The complainant's counsel then read affidavits to show, among other things:——1. The amount of steamboat trade and commerce of the Ohio, between Pittsburg and the ports of Cincinnati, Louisville, St. Louis, New Orleans, and other places on the Ohio and Mississippi Rivers.
2. That a large portion of the steamboats engaged in this trade are owned and navigated, in whole or in part, by citizens of Pennsylvania.
3. That the principal steamboats engaged in this trade require for free passage from sixty to eighty feet space above the water surface, and, as now constructed, cannot, on high water, pass the bridge at Wheeling.
4. That the present diameter and height of their chimneys have been found by experience to be essential to their speed and capacity, and cannot be reduced without impairing the fitness of the boats for profitable and useful trade and commerce.
5. That their chimneys cannot be lowered so as to pass the bridge at Wheeling on high water, without changing their construction, at a great expense; and the process of lowering and hoisting will always be attended with expense, delay, and imminent hazard to the safety of the boat, its crew and passengers, chimneys being six feet in diameter, and over forty feet above the hurricane deck.

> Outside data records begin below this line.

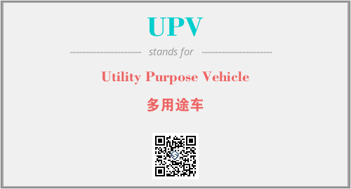英文缩略词“UPV”经常作为“Utility Purpose Vehicle”的英文缩写来使用,中文表示:“多用途车”。本文将详细介绍英文缩写词UPV所代表英文单词,其对应的中文拼音、详细解释以及在英语中的流行度。此外,还有关于缩略词UPV的分类、应用领域及相关应用示例等。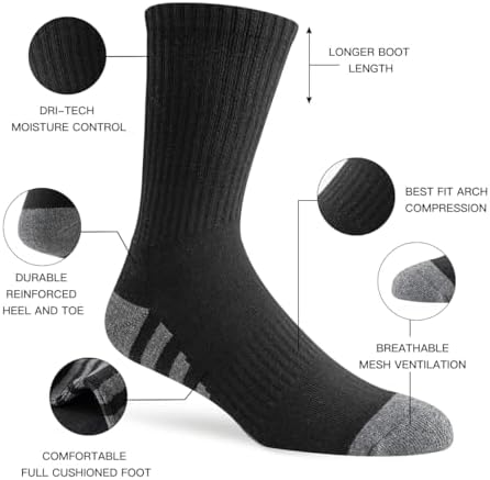 Sponsored Ad - 8 Pairs Mens Crew Work Cushion Socks Long Athletic Running Socks Workout Breathable Socks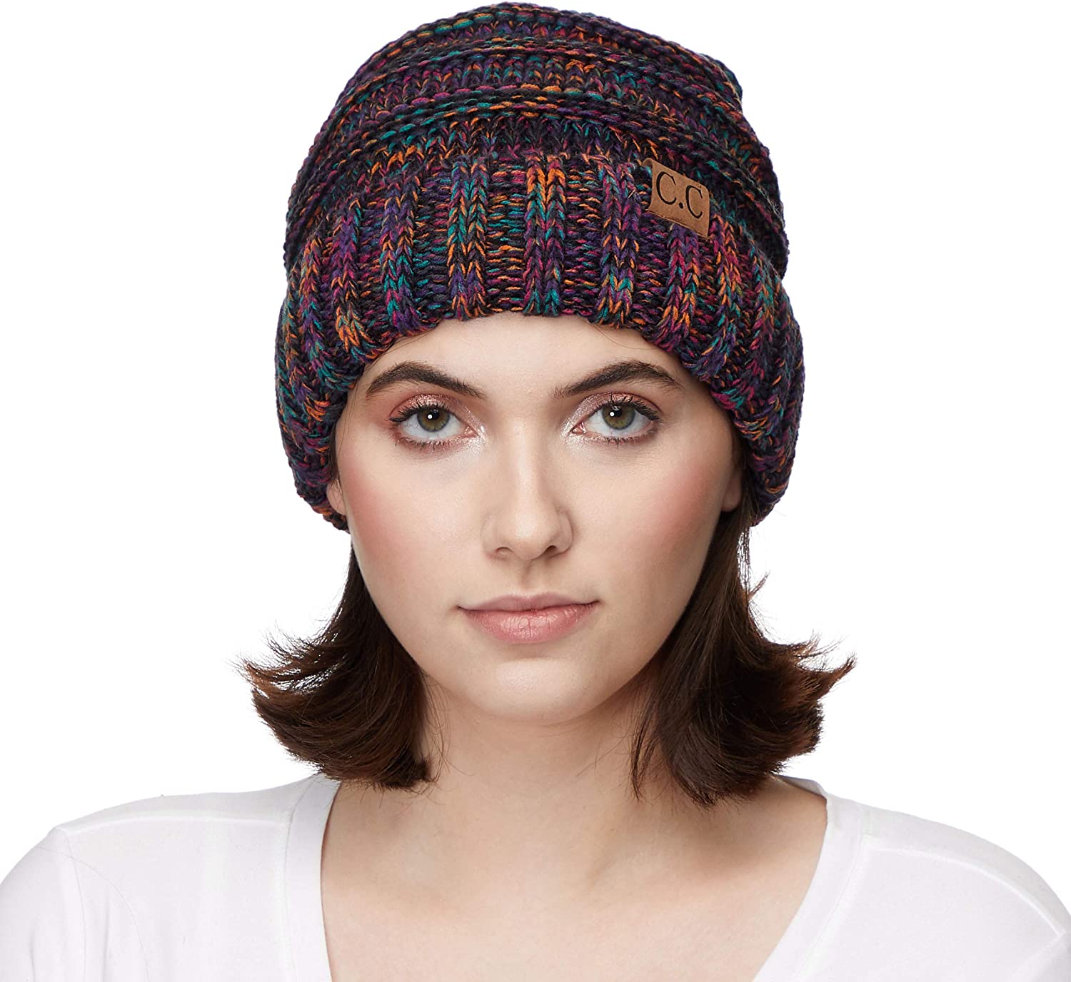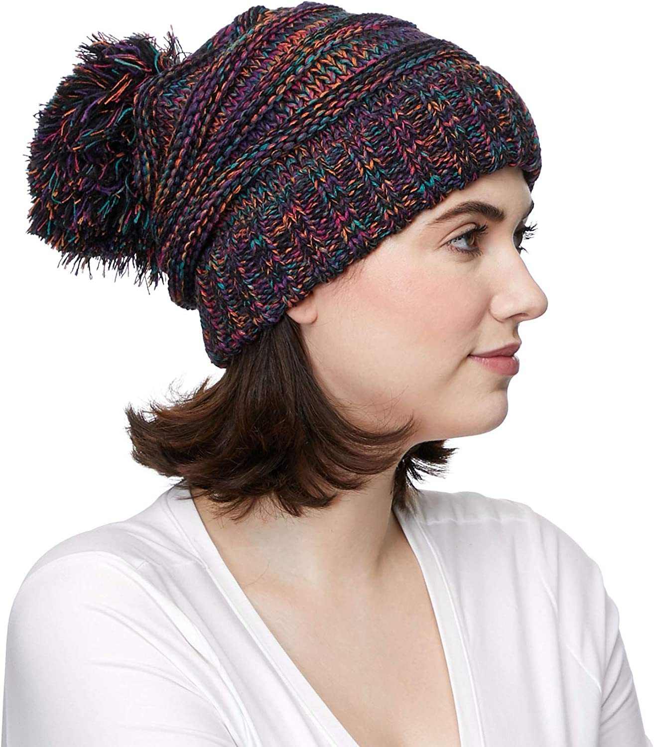• Chunky Multi Color with Knit Pom Unisex Knitted Beanie.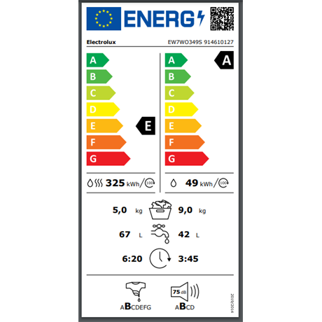 E20 Súlyozott energiafogyasztás / 100 ciklus – teljes működési ciklus (kWh): 325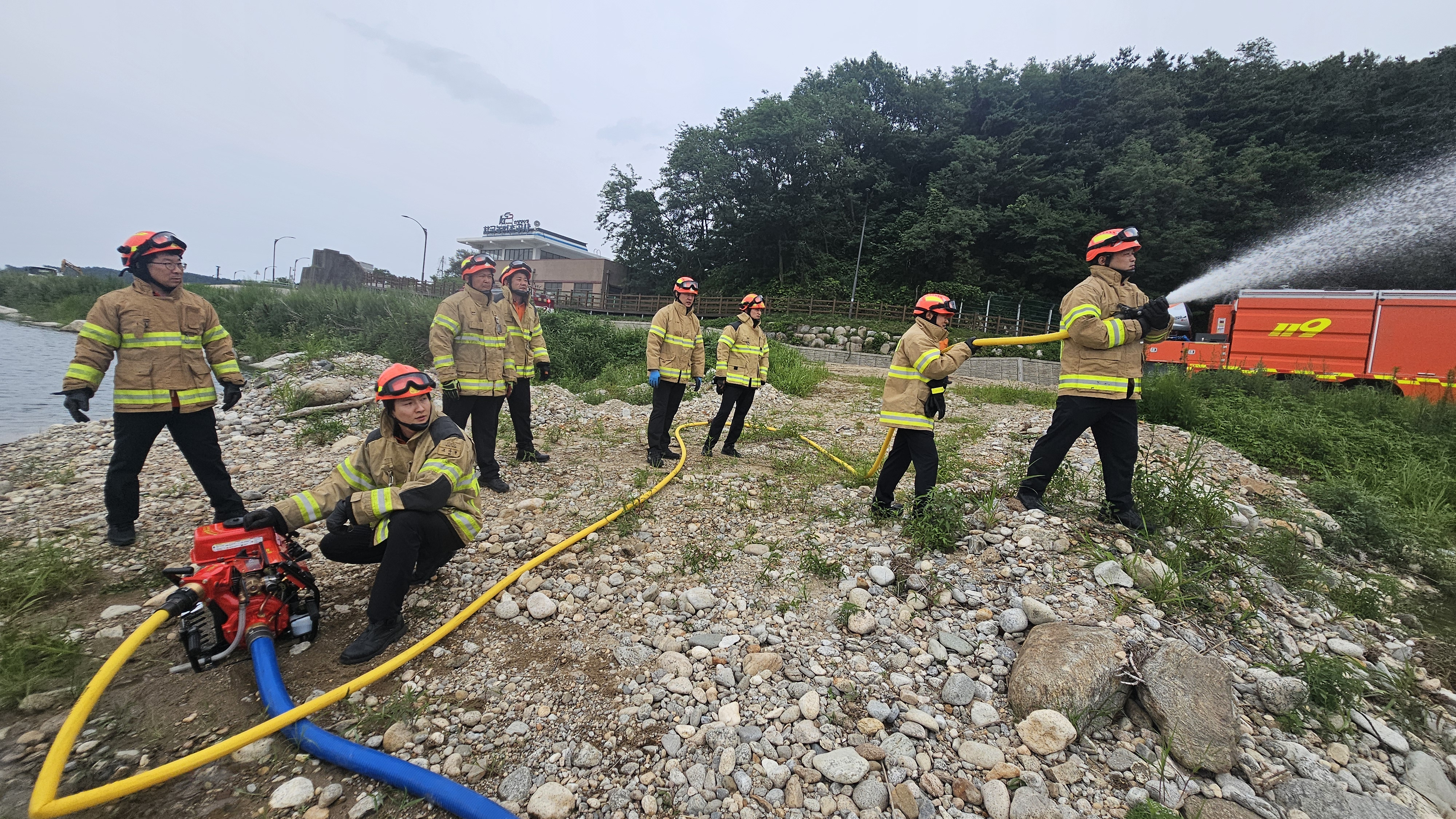수방장비 조작(가동)훈련은 동력 소방펌프ㆍ수중펌프 가동상태 점검, 연료 공급망 확인, 흡수망 파손ㆍ누수 여부 점검ㆍ교체, 수방장비를 활용한 배수 훈련 등 내용으로 진행됐다.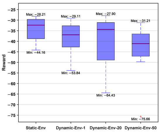 In addition, to thoroughly investigate the network’s performance under different training conditions, we conducted tests with different values of M. The specific definition of M is as follows. During the network training process, if the robotic fish successfully reaches the target point in each episode within the same obstacle environment, it is recorded as one success, and M represents the total number of successful attempts. Therefore, by fixing the obstacle environment and setting 1, 20, 50, four agents can be obtained. Subsequently, multiple tests were conducted for each training network. By employing the control variable method, we set up eight sets of identical obstacle environments for each agent, enabling the robotic fish to perform motion planning, and recording the cumulative reward. Figure 7 shows the corresponding results, illustrating the maximum and minimum rewards obtained by the four training environments in the eight test environments. Additionally, we also calculated the median, mean, and standard deviation for the four sets of data, as tabulated in Table 2. From the perspectives of the median, minimum, mean, and standard deviation, the network performance obtained from training in a static obstacle environment was optimal. As the value of M increased, the performance gradually decreased, which was also validated from the viewpoints of the mean, standard deviation, and minimum values. The plus sign + in figure indicates that the value is automatically marked as an outlier due to the large difference from the median. The reasons for the above phenomenon are mainly twofold. Firstly, when changing the environment, the positions of the obstacles were randomly generated, leading to situations where obstacles were either too simple or complex in certain trials. Secondly, theoretically, the static obstacle environment, equivalent to , resulted in a relatively unique optimal solution in that environment, facilitating the learning of the optimal strategy. Certainly, due to the total episode number being set at 3000, with a maximum of 300 steps per episode, the limitation on sample quantity may also have influenced the results.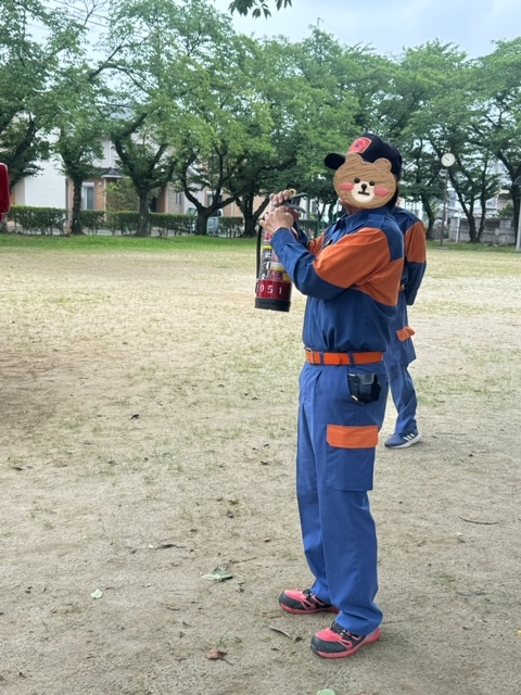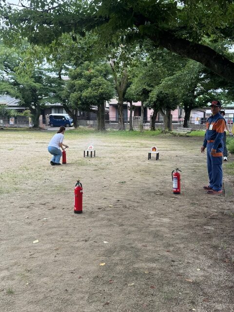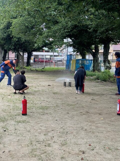 まずは火災を想定して、実際に消火器を使ってみる体験から…

6. That the Pittsburg packets, and other boats of the largest class, have been accustomed to navigate the river to and from Pittsburg, at their present height, and no boats lower their chimneys except when compelled by the state of water in the river to pass through the canal around the falls at Louisville.

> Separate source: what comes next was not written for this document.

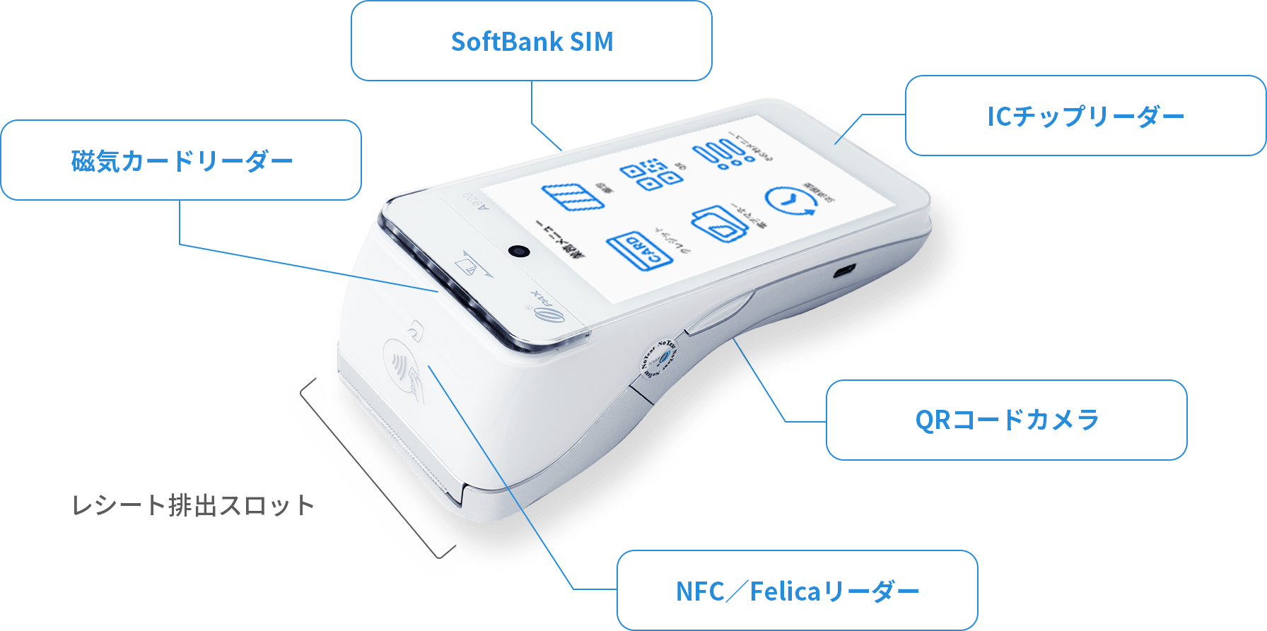 「PayCAS Mobile」は、片手に収まるサイズの決済端末で、クレジットカードから電子マネー、QRコード※2までさまざまな決済手段を利用できます。直感的な操作ができる5インチのタッチパネルディスプレイに加え、磁気カードリーダーとプリンターも搭載しており、決済からレシート印字まで端末1台でオールインワンに対応。すっきりとしたレジ周りを実現するとともに、SoftBank SIM対応で場所を選ばずどこでも決済できます。なお、POSシステムとの連動もWindows環境向けOCX※3を利用することで、スピーディーかつ低コストに開発が可能です。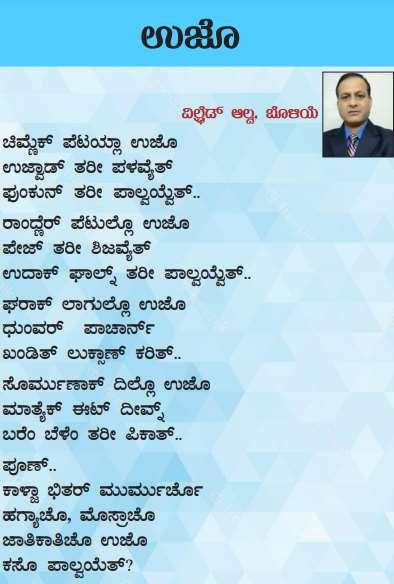 60 ವೀಜ್ಕೊಂಕಣಿ ನಾಮಾಚೊಂಪಾಟ್ಿೊಂ ಕಪಾಲ್ ಆಪೊಿ ಫುಡಾರ್ಚಿೊಂತುನ್ ಘಾಮ್ಚಲ್ೊಂ ವಾಚೆಯಾಂಅನಿವಿಸೊೊನ್ಸೊಡ್ಯಾಂ. ಪುಣ್ ಉಪಾೊಾಂತ್ ಇಲ್ಲಯ ಸವಾಕರ್ಯ್ ಘವ್ಾ ಅರಮ್ಯೆನ್ ತ್ಾಂ ರ್ಟುಕ್ ಪರತ್ ವಾಚಾಾನಾ ಕಪಾಲರ್ನಾಮ್ಘಾಲ್ಾ , ಅಪ್ಯಚ ಮಹಳೆ್ ವಿಚಾರ್ ನಾರ್ಾಾಂ ದ್ರಚಾರಾಂತ್ ಬುಡ್ಲಯಾ , ಫಕತ್ ಧ್ಮ್ಸಚೆಾಂ ನಿೋಬ್ ದ್ಲೋವ್ಾ ವೇಳ್ ಅನಿ ಜಿವಿತ್ ವಿಬಾಡ್ಚಯಾಂ ಯುವಜರ್ಣಾಂ ದೊಳ್ಳಾಾಂಮುಖಾರ್ಆಯಿಯಾಂ.ತಾಾಂಚೆಾಂ ನಾಮ್ ಪಾಟೆಯಾಂ ಕಪಾಲ್ ಖಂಡ್ಚತ್ ಜಾವ್ಾ ಫುಡ್ಯರ್ ರ್ಚಾಂತುನ್ ಘಾಮ್ಚ್ತಾ. ಸಮ್ಜಾಚೆಾಂ ಅನಿ ದೇಶ್ವಚೆ ಕಪಾಲ್ ಸಯ್ಾ! ರ್ತ್ಚ ಸಬಾಿಾಂನಿ ತಾರನ್ ಅಮ್ಯಾ ದೊಳ್ಳಾಾಂ ಮುಖಾರ್ ದ್ಲರ್ಯಾ ಸಮ್ಜೆರ್ಚ ಏಕ್ ಕೂಸ್ಲ ಉಸವ್ಾ ದ್ಲಕಯ್ಲಯಾ. ಇತ್ಯಾಂಬರಂವ್ಕ ಕಾರಣ್ಇತ್ಯಾಂಚ.ಆಮ ಕವಿತಾ ವಾಚಾಾನಾ ದವಸಡ್ಯನ್ ವಾರ್ನ್ ಕಾಡ್ಯಯಾ ಬದ್ಲಯಕ್ ಶ್ವಾಂತ್ ಮನಾನ್, ಫುಸಸತ್ ಆನಿ ವಿಚಾರಪೂವಸಕ್ ಮನೊೋಭಾವಾನ್ ವಾರ್ಾಂಕ್ಜಾಯ್. ನಾತರ್ಏಕ್ಬರಿ ಕವಿತಾ ಆಮ್ಕಾಂ ರ್ಾಂಡುನ್ ವ್ತಾ. ಕವಿನ್ಆಪ್ಯಾಂಕಾಮ್ಸಂಪಯ್ಲಯಾಂ. ತಾಾ ಕವಿತ್ಾಂತ್ಯ ವಿಚಾರ್ ಆನಿ ಸ್ತಖ್ ಅಮ ಜೊಡ್ಚನಾಾಂವ್ ತರ್ ಲ್ಕಕಾಸಣ್ ಅಮ್ಕಾಂಚ! ಜನ್ಯರ್ 29 ವೆರ್ ಆಯಾತರಾ 2023ವೆರ್ ಇಜಯಾಿಾ ರ್ೊಂ ಫ್ತರನಿಸಸ್ ರ್ವೆರಾಚಾಾ ಇರ್ಜೆನ್ ಆಪೊಿ ವರ್ಷೆಕ್ ಫಿರ್ೆಜ ದ್ಲವಸ್ ಆಚರಿಲ. ಹ್ಯಾ ಸಂದಭಿೆೊಂ ಖಾಾತ್ ಕವ ಆನಿ ಏಕ್ ವಶೇಷ್ ಚಿೊಂತಿು ಆೊಂಡುರ ಎಲ್. ಡಿಕುನಾಹಕ್ ಸಂಭರ ಮಾನ್ ಮಾನ್ ಕೆಲ. ಹ್ಯಾ ಮಾನಾಕ್ ಸಭಾರ್ ಯಾಜಕ್, ಧಮ್ೆ ಭಯ್ಯ ಆನಿ ಹರಾೊಂ ಹ್ಯಜರ್ ಆಸ್ಟಿೊಂ. ವೀಜ್, ಬ್ಜಬ್ ಆೊಂಡುರಕ್ ರಾಸ್ ರಾಸ್ ಪ್ಬಿೆೊಂ ಪಾಠಯಾತ ಆನಿ ಫುಡಾರಾಕ್ ಸವ್ನೆ ಯಶ್ಯಆಶೇತ್ಲ್.

7. That the boats accustomed to lower at Louisville are built with reference to passing through the canal, and are much smaller in size and capacity than the Pittsburg packets, and other boats accustomed to navigate the rivers in high waters.

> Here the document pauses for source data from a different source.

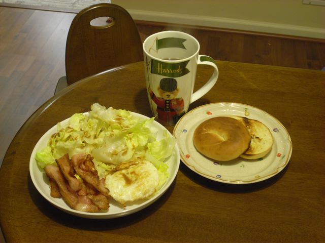 9:05 さっそくベーグル。あと、手作りビザ。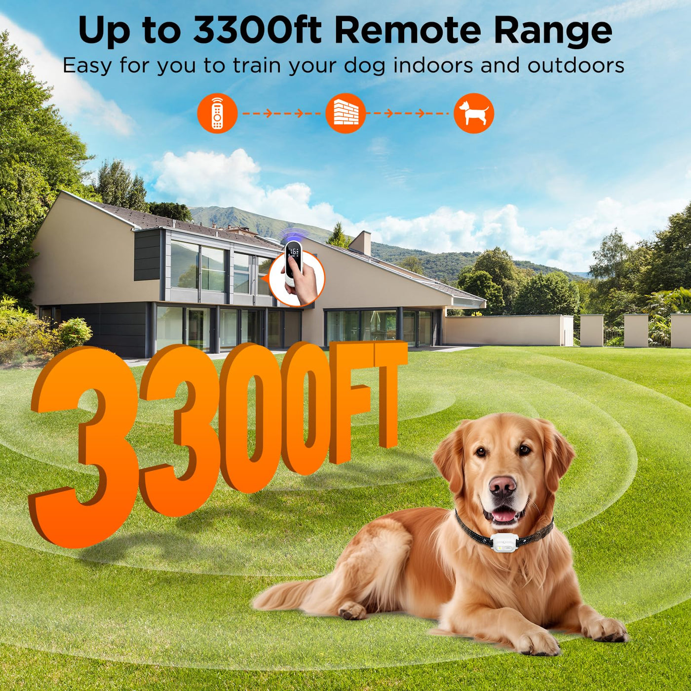 Dog Shock Collar, 3300Ft Dog Training Collar With Remote, Ipx7 Waterproof Rechargeable Electronic Training Collar For Small, Medium, Large Dogs With Beep, Vibration, Safety Shock Light Mode -8-120 Lbs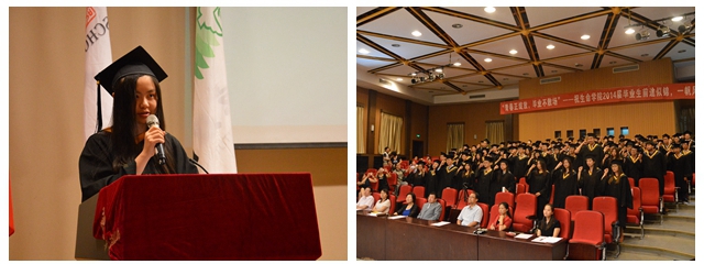 2014届本科毕业生俞智阳同学代表全体毕业生发言,回顾大学生活中珍贵的点点滴滴,不舍夹杂着感动,展望有着无限可能的人生征途,紧张中更充满了期待,最后对学校、学院和老师们的辛勤培育表示了衷心感谢,并带领全体毕业生对未来人生进行青春宣誓。

8. That, in the opinion of many practical men, it is impossible to reduce or lower the chimneys of such boats as are engaged in the packet trade. And that the bridge at Wheeling will so obstruct their navigation at high water, for which they are specially adapted, as in a great measure to exclude them from business and diminish their value, there being seven packets, costing each from thirty to forty thousand dollars.
9. That the bridge at Wheeling will so obstruct navigation that a large portion of trade hitherto accustomed to pass and repass to and from Pittsburg will be excluded from that port and other ports of Ohio and Pennsylvania above Wheeling.
10. That, in the opinion of competent engineers, a bridge might be so erected as not to obstruct navigation.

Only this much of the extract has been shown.